There is an obvious lack of income to run the property and so it becomes an informal type of B and B and it is here that the writer spends the next 50 years of her life. Friends and family come and stay for extended periods of time and many now famous names pass through: Caitlin Thomas (wife of Dylan) Tennessee Williams and the painter Henry Faulkner, also a thoroughly unpleasant and disreputable Roald Dahl and his wife Felicity. There are diplomatic and ambassadorial visits, mayors and even the leader of the local mafia. They are all intrigued by this house run by an English woman in the ultra-traditional and backward society of post war Sicily. I kept expecting Patrick Leigh Fermor to turn up but if he did he failed to make it into the book.

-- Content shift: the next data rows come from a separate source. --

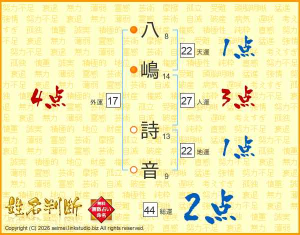 八(8画)嶋(14画) 詩(13画)音(9画)
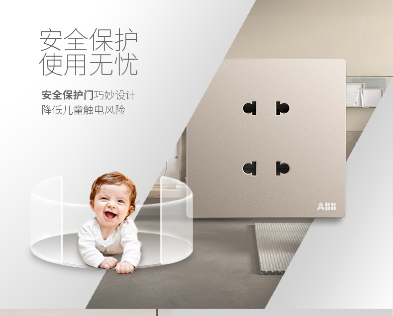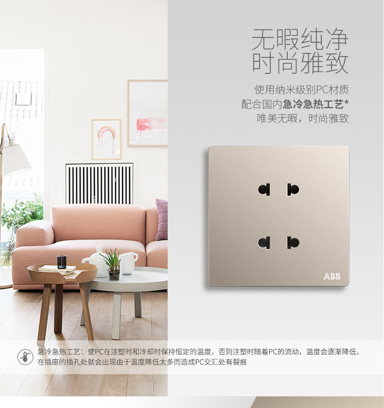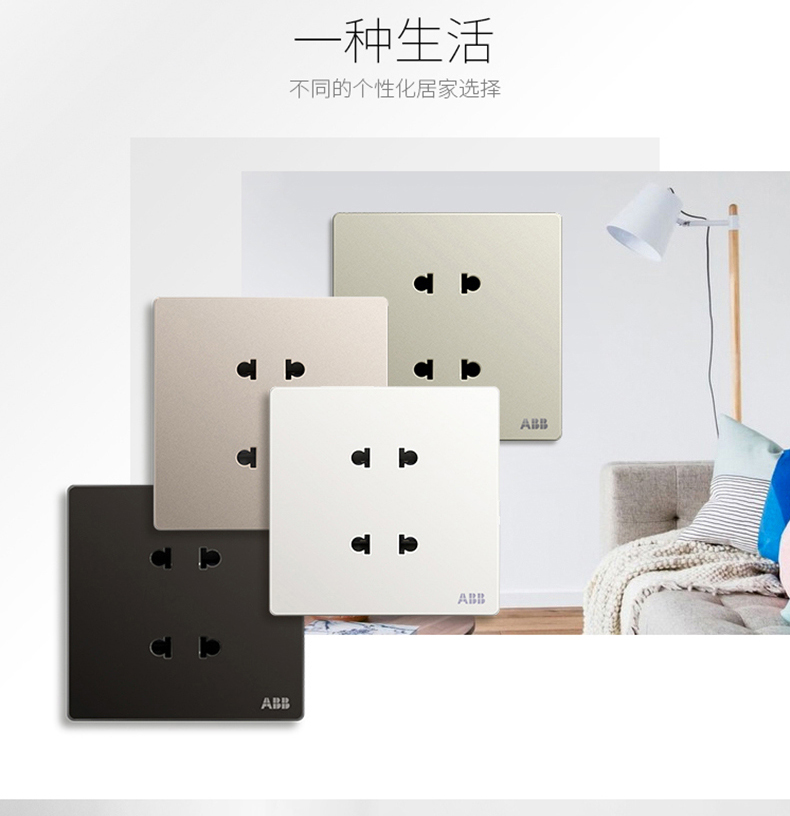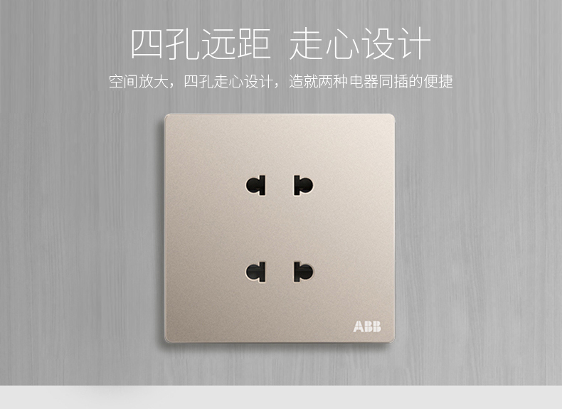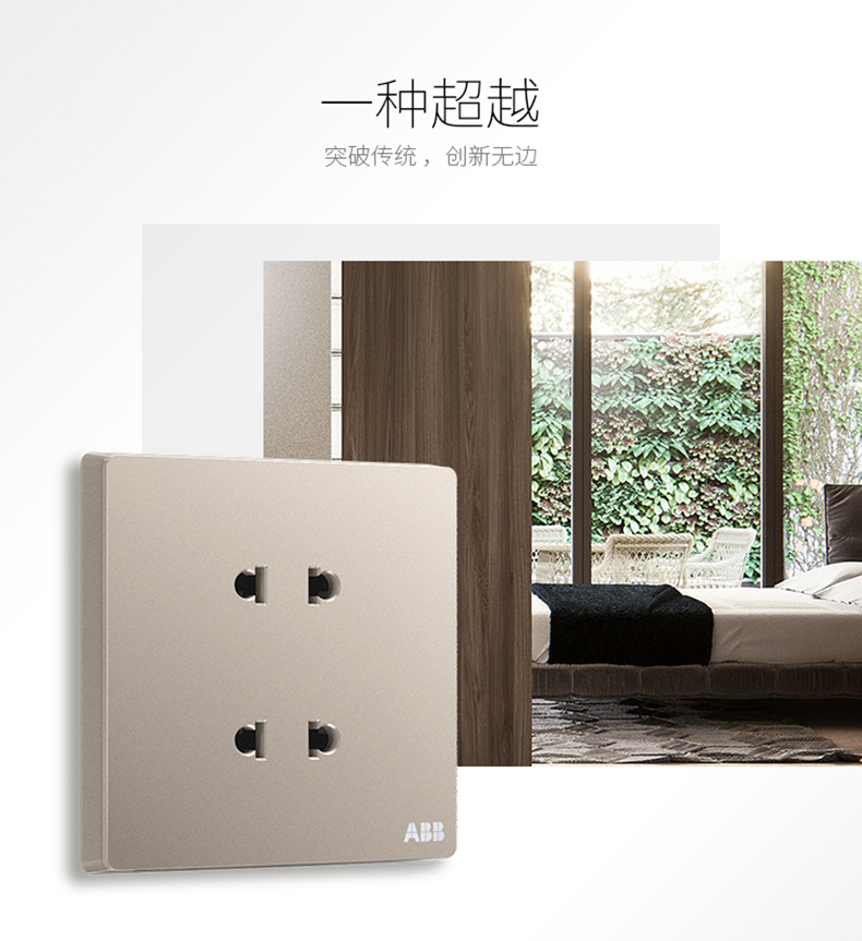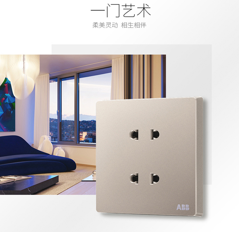 ABB 开关插座无框轩致朝霞金墙壁插座面板四孔插座AF212-PG
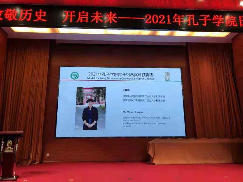 9月27日,中国国际中文教育基金会主办的主题为“致敬历史,开启未来”的“孔子学院日”活动在北京顺利举办,全球孔子学院通过线上共同参与庆祝这一节日。中国国际中文教育基金会理事长、中国科学院院士杨卫出席活动并为75位在孔子学院任职超过10年的中外方院长颁发“孔子学院院长纪念奖章”。我校教师王婵娟作为一名见证了孔子学院14年发展壮大历程的老孔院人,获得此项殊荣。
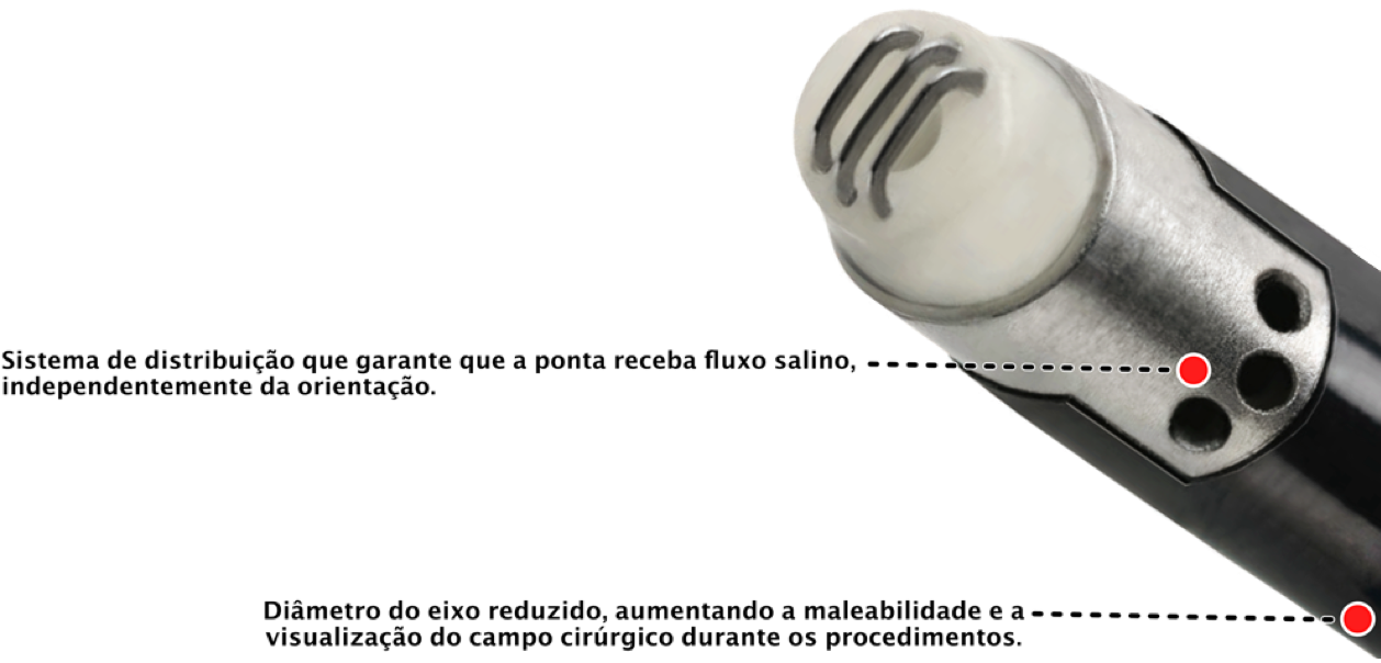- O campo de plasma de 100μm-200μm permite a remoção precisa de tecidos moles com um dano minimizado aos tecidos adjacentes. O sistema integra controle de solução salina, sucção e energia criando um dispositivo totalmente equipado com configuração rápida, permitindo economia de tempo nos procedimentos.
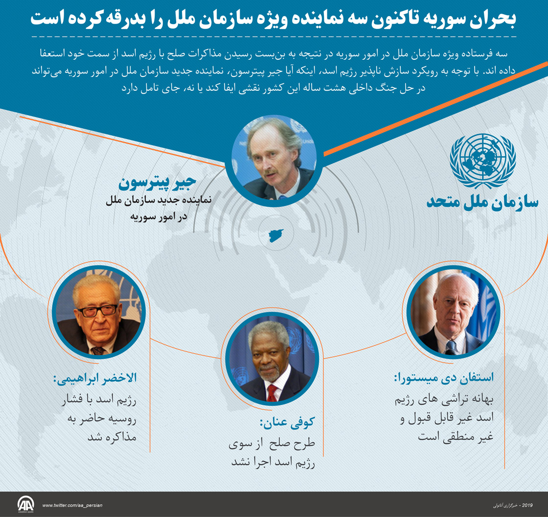 سه فرستاده ویژه سازمان ملل در امور سوریه در نتیجه به بنبست رسیدن مذاکرات صلح با رژیم اسد از سمت خود استعفا داده اند. با توجه به رويکرد سازش ناپذير رژیم اسد، اینکه آیا جیر پیترسون، نماینده جدید سازمان ملل در امور سوریه میتواند در حل جنگ داخلی هشت ساله این کشور نقشی ایفا کند یا نه، جای تامل دارد.09 ژانویه 2019•بهروزرسانی: 09 ژانویه 2019

Historically and geographically this is illuminating, speaking as it does of an isolated land coping with an active volcano, the vagaries of the sea, and until the late 20th century, poor health and educational facilities.

The book is written with humour and compassion by someone I would like to have met. She made unusual and sometimes brave life choices and thus enjoyed an unconventional and obviously very satisfying life.